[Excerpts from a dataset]
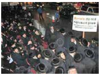
"Zionists do not represent all Jews."

A moral reason is added to the religious reason of obedience to the divine will (which forbids the Jews from founding a secular state). Human beings have a sacred duty to obey the Ten Commandments, and Jews are no exception to the rule. The Commandments order to respect the life of others, the reputation of others, the goods of others. Jews loyal to the Torah strive to uphold these principles, and they urge their Jewish brethren to do the same. They express their regret by saying how much pain they feel in noting the moral drifts that the Zionist movement has generated.
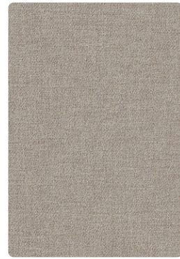
Pebble Beach Parchment 165-007
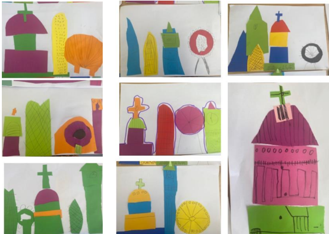
Year 4 - Terrible Tudors and Portraits
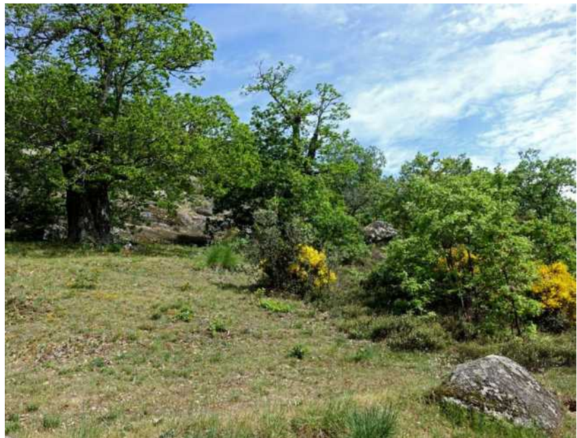
Chestnut grove Neila de san Miguel
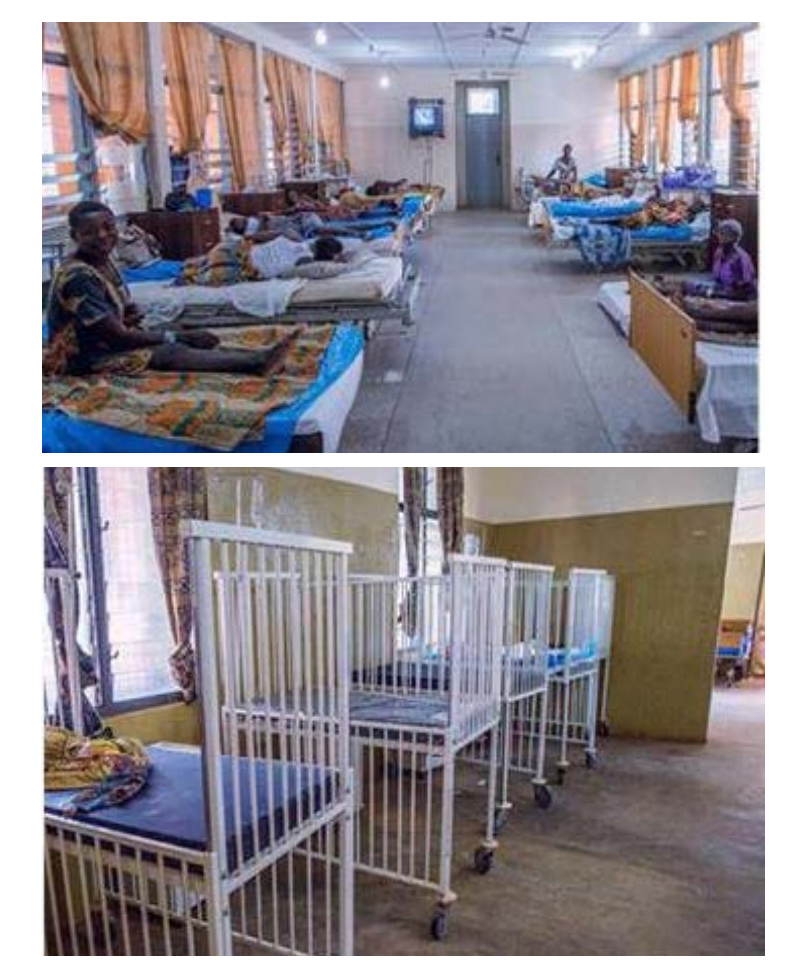
Nadowli Hospital, Ghana, 2014

determine which devices are worth pursuing, we test each device, document and package them for MedWish to send to countries that have requested critical devices, such as pulse oximeters."
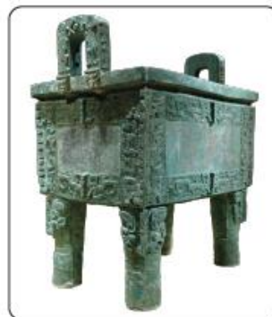
Houmuwu ding from Yinxu

Bronzeworking skills were a major advance during the Shang Dynasty. People learned to smelt copper, tin and lead to make bronze. Skilled craftspeople created vessels that were used for rituals and offerings to the gods. Bronze weapons, such as daggers and spearheads, also gave the Shang Dynasty warriors an advantage over their enemies.
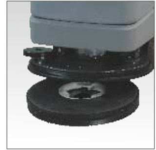
Brushes can be changed quickly without the need for any tools at the push of a button.
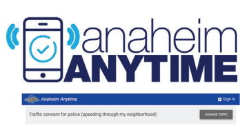
Anaheim Anytime is an online service providing the community the ability to share problems, issues or other concerns they see in their neighborhood or around the city 24 hours a day, seven days a week.
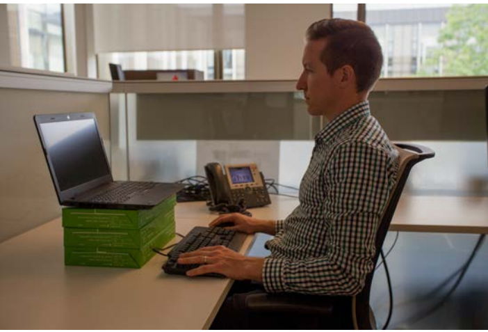
Figure 18. Optimal laptop placement

Generally speaking, laptops promote awkward posture of the neck, back and upper extremities. Neutral posture awareness should be emphasized when using a laptop. Laptop should be kept close to body to avoid excessive reaching. Neck and back should remain in a neutral posture as much as possible.
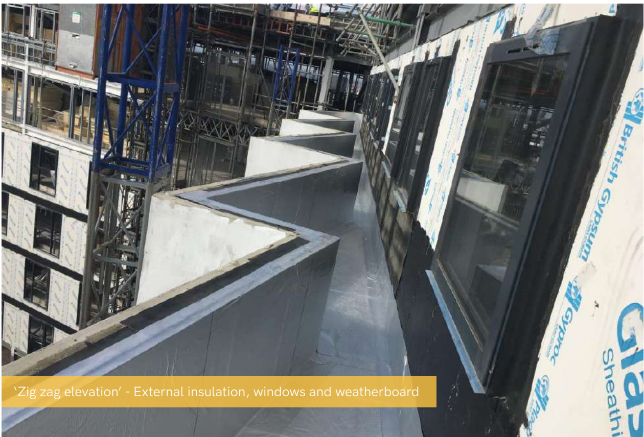
'Zig zag elevation' - External insulation, windows and weatherboard
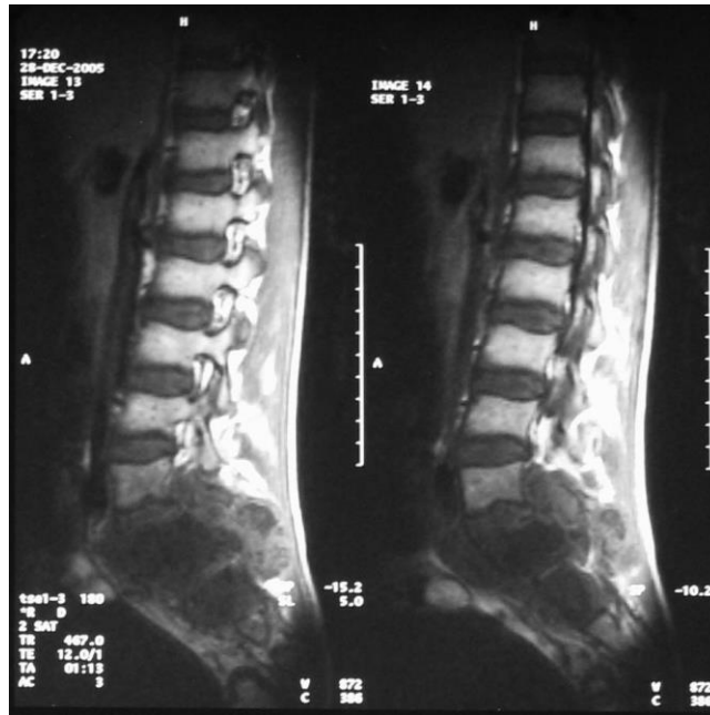
Figure 1. Sagittal view MRI scan of lower vertebral column

About this task.
Provide the count of lines in the data above that include the word "Figure", with no added text.

Solution for this exercise.
2